На которое бы из государств древних и новых мы ни взглянули, у всex найдем одно и то же общее: простоту и однообразие вначале, больше равенства и больше свободы (по крайней мере фактической, если не юридической свободы), чем будет после... Потом мы видим большее или меньшее укрепление власти, более глубокое или менее резкое [224] (смотря по задаткам первоначального строения) разделение сословий, большее разнообразие быта и разнохарактерности областей. [...]
Вообще в эти сложные цветущие эпохи есть какая бы то ни было аристократия, политическая, с правами и положением, или только бытовая (т.е.), только с положением без резких прав, или еще чаще стоящая на грани политической и бытовой. Эвпатриды Афин, феодальные сатрапы Персии, оптиматы Рима, маркизы Франции, лорды Англии, воины Египта, спатиаты Лаконии, знатные дворяне России, паны Польши, беи Турции.
В то же время, по внутренней потребности единства, есть наклонность и к единоличной власти, которая по праву или только по факту, но всегда крепнет в эпоху цветущей сложности. Являются великие замечательные диктаторы, императоры, короли или, по крайней мере, гениальные демагоги и тираны (в древнеэллинском смысле), Фемистоклы, Периклы и т.п. [...]
Вместо того, чтобы или наивно, или нечестно становиться, ввиду какого-то конечного блага, на разные предвзятые точки зрения, коммунистическую, демократическую, либеральную и т.д., научнее было бы подвергать все одинаковой, бесстрастной, безжалостной оценке, и если бы итог вышел либо либеральный, либо охранительный, либо сословный, либо бессословный, то не мы, так сказать, были бы виноваты, а сама наука.

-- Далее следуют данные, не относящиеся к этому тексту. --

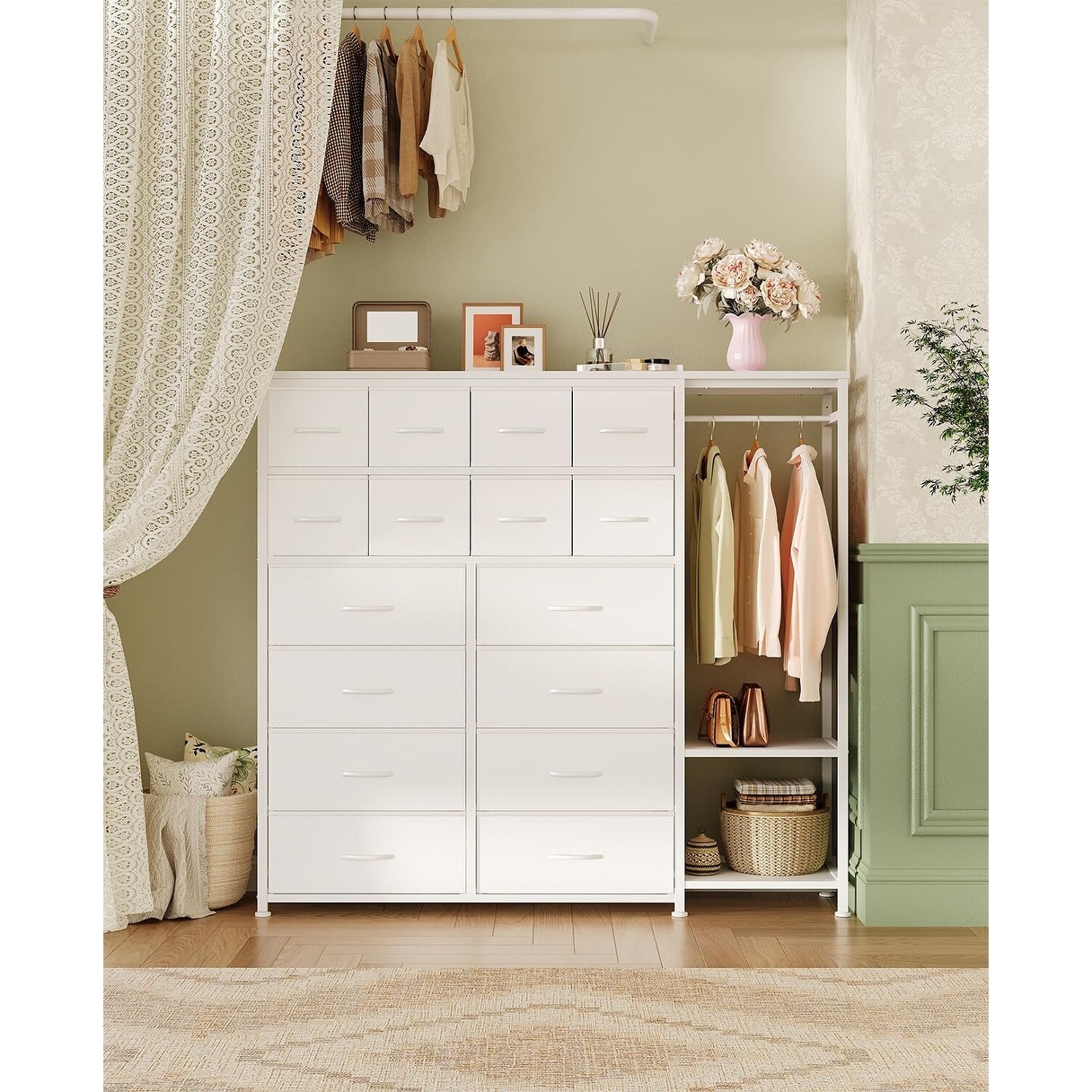 Space-Saving Design: Features a compact layout with 16 fabric drawers and 2 storage shelves, combining a wide dresser with drawers and a hanging rack to maximize your storage options for clothes, toys, books, and more.
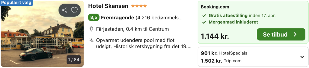 Bemærk: Den samlede pris for overnatningen er 900,- for 2 personer i et dobbeltværelse med morgenmad, hvilket svarer til 450,- per person Der kan være mindre prisforskelle på mobil og pc. Undersøg med fordel, hvor det er billigst inden bestilling. Rejs365 er ikke et rejsebureau, men en rejseside, der finder gode tilbud! – Vi modtager kommission, men det påvirker ikke din pris! Læs mere her |
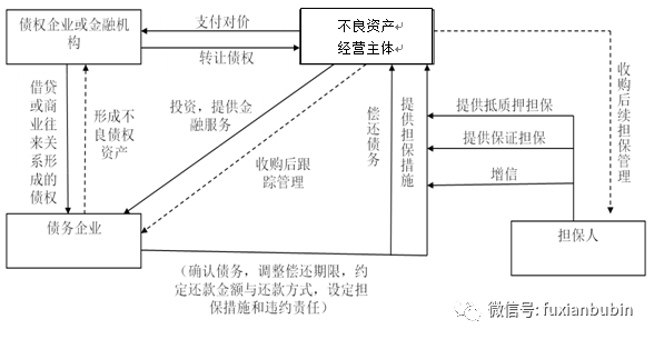 在《企業(yè)會計準(zhǔn)則第12號——債務(wù)重組》的規(guī)定中,債務(wù)重組要求在不改變交易對手方的情況下進(jìn)行交易,但在實踐中經(jīng)常出現(xiàn)第三方參與相關(guān)交易的情形,也即以不同于原合同條款的方式代債務(wù)人向債權(quán)人償債,或新組建的公司承接原債務(wù)人的債務(wù),從不良資產(chǎn)經(jīng)營的角度,債務(wù)重組的業(yè)務(wù)開展要首先完成不良資產(chǎn)債權(quán)的收購,在收購?fù)瓿珊笤賳觽鶆?wù)重組業(yè)務(wù)。

Статистики нет никакой для субъективного блаженства отдельных лиц; никто не знает, при каком правлении люди живут приятнее. Бунты и революции мало доказывают в этом случае. Многие веселятся бунтом. [...]

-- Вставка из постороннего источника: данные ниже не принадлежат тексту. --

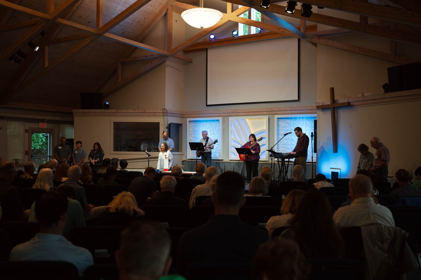 Our Sunday service runs for about 70 minutes. We start with contemporary worship led by our band - song lyrics are displayed on screens so you can follow along and engage in whatever way feels comfortable. After worship, you'll hear an encouraging message centered on Jesus and practical faith. We celebrate communion together on the first and third Sundays of each month, with children joining us on the third Sunday.
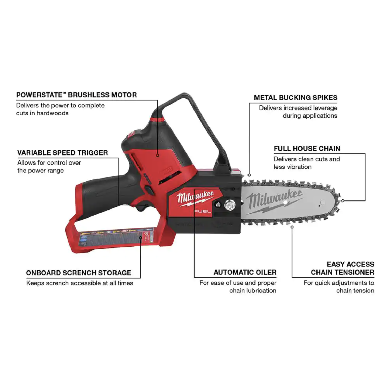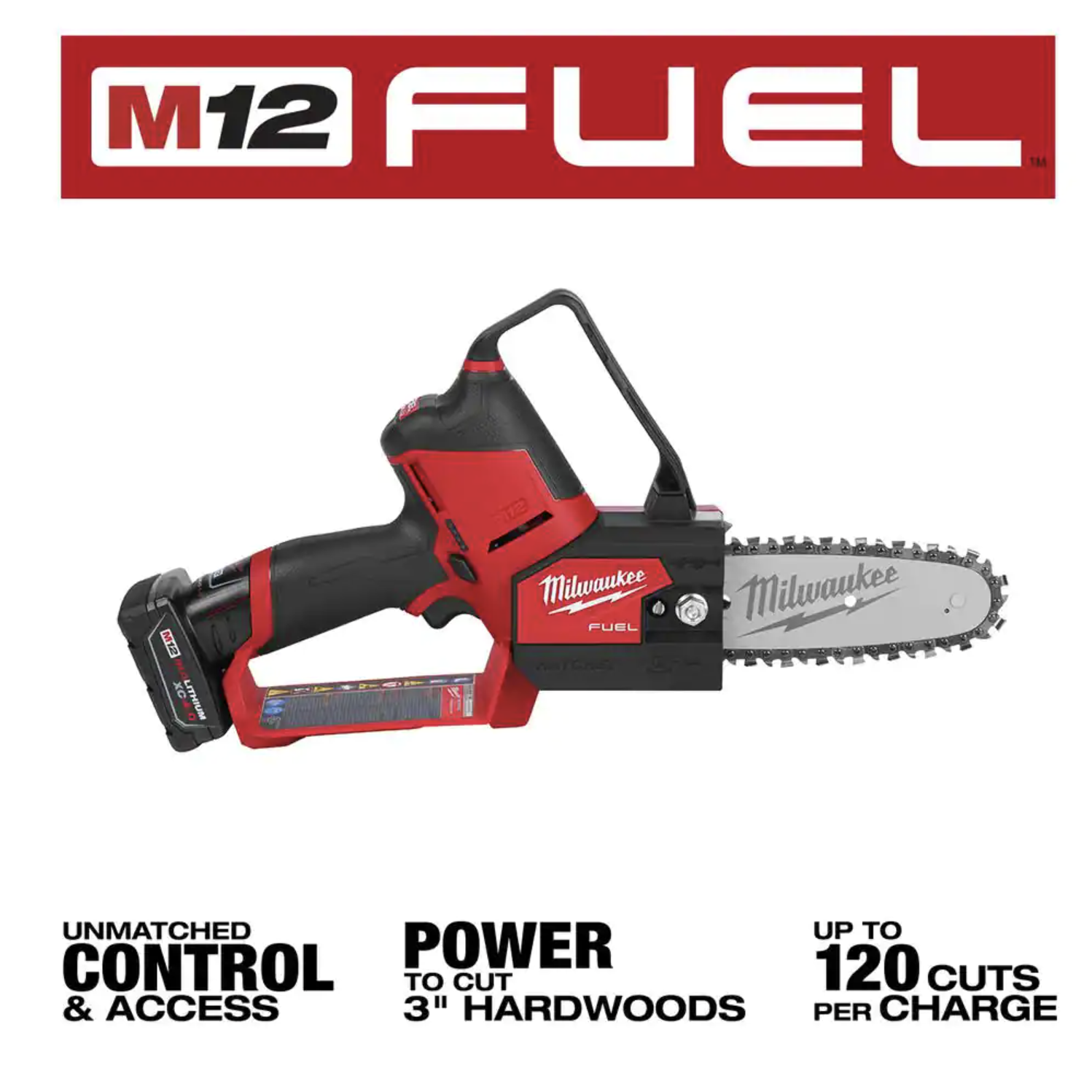 Milwaukee M12 FUEL 12-Volt Lithium-Ion Brushless Cordless 6 in. HATCHET Chainsaw Kit with 6.0 Ah and 4.0 Ah Battery. Charger (2527-21-48-11-2460)

Никакой нет статистики для определения, что в республике жить лучше частным лицам, чем в монархии; в ограниченной монархии лучше, чем в неограниченной; в эгалитарном государстве лучше, чем в сословном; в богатом лучше, чем в бедном. Поэтому, отстраняя мерило благоденствия, как недоступное еще современной социальной науке (быть может, и навсегда неверное и малопригодное), гораздо безошибочнее будет обратиться к объективности, к картинам и спрашивать себя, нет ли каких-нибудь всеобщих и весьма простых законов для развития и разложения человеческих обществ?
И если мы не знаем, возможно ли всеобщее царство блага, то, по крайней мере, постараемся дружными усилиями постичь, по мере [225] наших средств, что пригодно для блага того или другого частного государства. [...]

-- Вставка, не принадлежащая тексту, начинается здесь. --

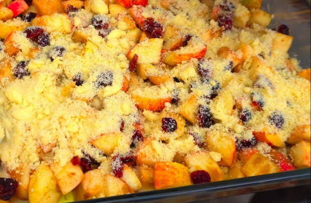 Ингредиенты: 800 г яблок 50 г сахара лимонный сок 1 ч. л. корицы сушеная клюква или изюм по желанию Хрустящая крошка: 150 г сливочного масла 100 г сахара 200 г просеянной муки [caption id="attachment_61204" align="aligncenter" width="1000"] Яблоки подойдут любые. Если очень сладкие, то добавляйте меньше сахара, чем указано в рецепте[/caption]Приготовление (ВИДЕОРЕЦЕПТ): Яблоки нарезать кубиками среднего размера.
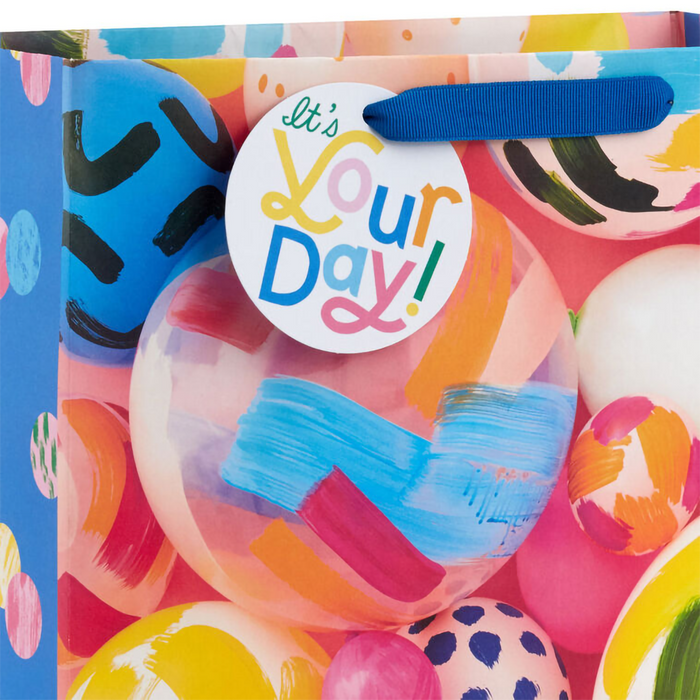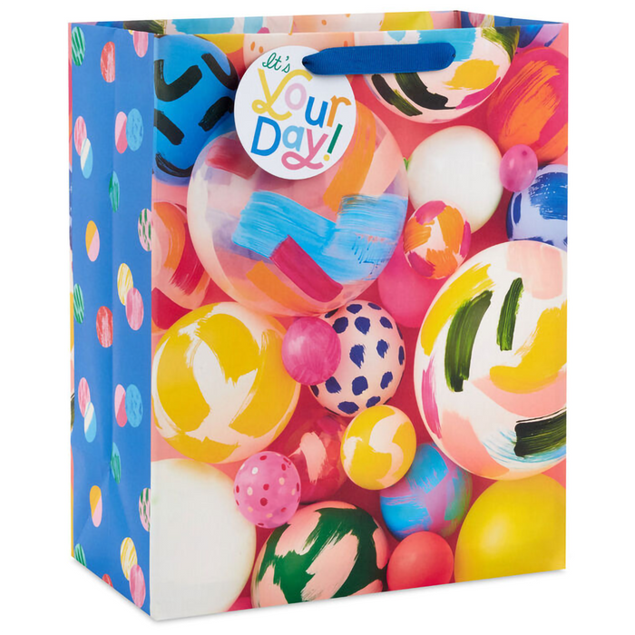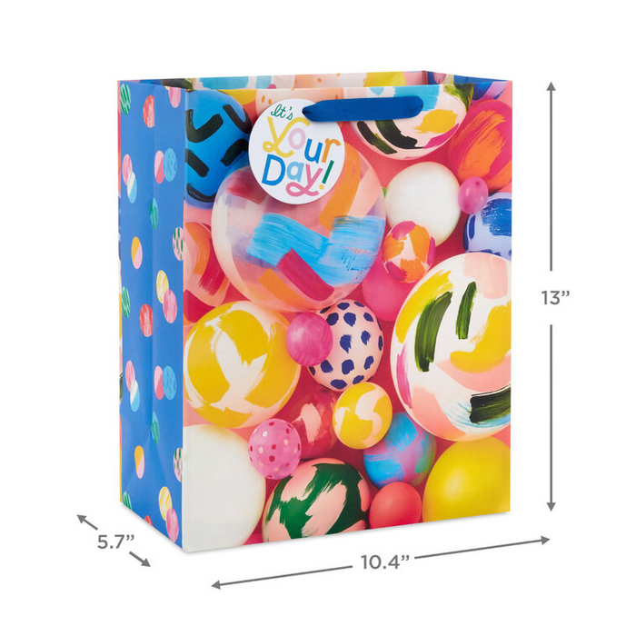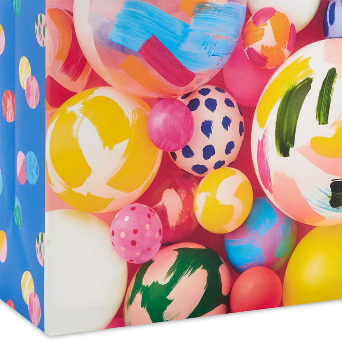 Have a ball with this cute gift bag that adds oomph to any celebration with its colorful, playful design. Large gift bag features a close-up photograph of a collection of colorfully painted, round balloons. On the gussets, overlapping dot designs on blue add to the fun. Multicolor gift bag makes a great choice for birthday or graduation. Bag includes a round gift tag with multicolor lettering.

Государственная форма у каждой нации, у каждого общества своя; она в главной основе неизменная до гроба исторического, но меняется быстрее или медленнее в частностях, от начала до конца.
Вырабатывается она не вдруг и не сознательно сначала; не вдруг понятна; она выясняется лишь хорошо в ту среднюю эпоху наибольшей сложности и высшего единства, за которой постоянно следует, рано или поздно, частная порча этой формы и затем разложение и смерть.
Так, государственная форма древнего Египта была резко сословная монархия, вероятно, глубоко ограниченная жреческой аристократией и вообще религиозными законами.
Персия была, по-видимому, более феодального, рыцарского происхождения; но феодальность ее сдерживалась безграничным в принципе царизмом, земным выражением добра, Ормузда.
История Греции и Рима больше обработана, и потому на них все это еще яснее.
Афины именно в цветущий период выработали свойственную им государственную форму.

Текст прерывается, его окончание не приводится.